We have shown that β2AR-induced CFTR dysfunction relates to downstream attenuation of the β2AR/GP/AC/CFTR axis, specifically at the site of AC catalytic activity. Homologous desensitization of this axis through changes in the β2AR is a well-described phenomenon (30, 31, 43). These changes, however, are not implicated in our results, as all studies herein utilized a downstream agonist — forskolin — to stimulate AC activity, bypassing changes in the proximal β2AR-GP unit. Desensitization of the β2AR/GP/AC system in airway epithelial cells has been demonstrated following chronic activation with forskolin or PGE2, though this study used a proximal stimulus (isoproterenol), which may reflect only changes in the β2AR and not the effector (AC) (a key difference from the present work; see ref. 44).

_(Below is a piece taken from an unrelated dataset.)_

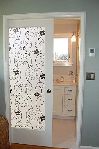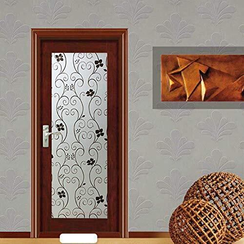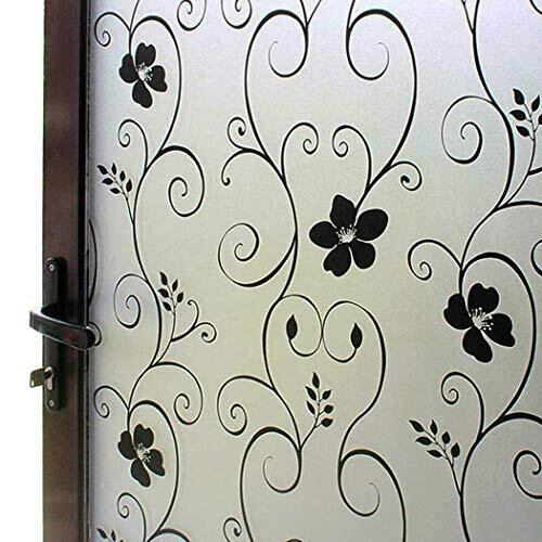 DUOFIRE 窓ガラス目隠しフィルム 目隠しシート めかくしシート 窓用フィルム ガラスフィルム すりガラス調 結露防止 uvカット 水で貼る はがせる 貼り直し可能 浴室 風呂 玄関 断熱 遮光 飛散防止 おしゃれな黒花柄 (0.443MX 2M) DP014B

The demonstrated reduction in acute cAMP generation observed following chronic albuterol exposure generally correlated with reduced CFTR function, and application of exogenous cAMP (bypassing AC activity) rescued CFTR activation. Interestingly, there was a small benefit of chronic albuterol exposure in wtCFTR+ cells at very low doses of exogenous cAMP (Figure 8C), which may reflect prior studies demonstrating an increase in cell surface CFTR following activation of the β2AR (37). This benefit was lost as doses of exogenous cAMP increased, and importantly was not demonstrated in VX809-corrected F508del cells. Taken together, these results strongly suggest reduced generation of cellular cAMP as the proximate cause of the CFTR chloride transport defect. Nonetheless, the stoichiometry of cell signaling is highly variable, and assumptions of a 1:1 interaction should be taken cautiously (45). Moreover, cAMP signaling is tightly regulated in spatial complexes; as such, measured whole-cell levels may not directly reflect this critical driver of CFTR function, and exogenous cAMP application likely bypasses these regulatory mechanisms (18). In addition to AC, there are a number of critical mediators of cAMP levels that we examined to explain our findings. PDEs are responsible for the breakdown of cAMP; in the airway epithelium, PDE-4 is the predominant isoform, allowing for precise control of cAMP levels at the local, perimembranous environment (34). Similarly, MRP4 has been demonstrated to function as a cAMP efflux pump in intestinal cells, regulating spatial cAMP concentration at the cell surface (46, 47). Functional inhibition of both PDE-4 and MRP4, however, did not reverse albuterol-induced CFTR dysfunction (Supplemental Figure 1), making it unlikely that either of these regulators of spatial cAMP levels are implicit in our results.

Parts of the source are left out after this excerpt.